Abigail joined him. “What are you doing?”

“Pull.” He grabbed her hand and put it on one of the handles. “I’ll show him a thing or two about pirating.”

Together they forced the rudder to turn sharp. His ship came around just as he expected, sending the stern in a collision course with Eric’s bow.

“We’re going to crash.” Abigail gasped, letting go.

“That’s the idea.” He reached around and made her take hold again. “That’s his disadvantage with the newer vessel. We’ll do more damage to his ship than to mine. Pirates don’t always get to sail up along another ship and jump aboard. Sometimes we had to do a little maneuvering to keep them from fleeing.”

“And if that didn’t work?”

The ship jolted upon impact. A
thud
, a crack of wood, but the crash didn’t work as planned. Jasper looked over at Eric, half infuriated the man had had the sense to reinforce his hull and half intrigued by the forethought.

“It worked most times, but if not, then we blew them to smithereens with our cannons,” he answered.
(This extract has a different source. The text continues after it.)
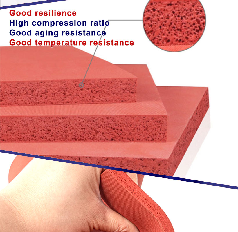 矽橡膠發泡片材是一種具有優異的抗壓縮和永久變形性能的有機矽發泡材料。矽橡膠發泡片材具有耐高低溫(-55-220℃)、高阻燃(V-0)極低煙霧濃度等特點。

“Is that what we’re going to do now?”

“Oh, if only I had me but one cannon and some chain shot. I’d make splinters of his ship’s broadside. However, I have nary a single cannon onboard. I haven’t had need of one for a long time.”

“When and why would you have had one of those?”

“We’ll talk of that another time.”

“You fool,” Eric shouted, flinging his megaphone away.

“What is he doing?” Abigail asked.

Jasper locked the wheel in place. “He’s getting ready to open fire.”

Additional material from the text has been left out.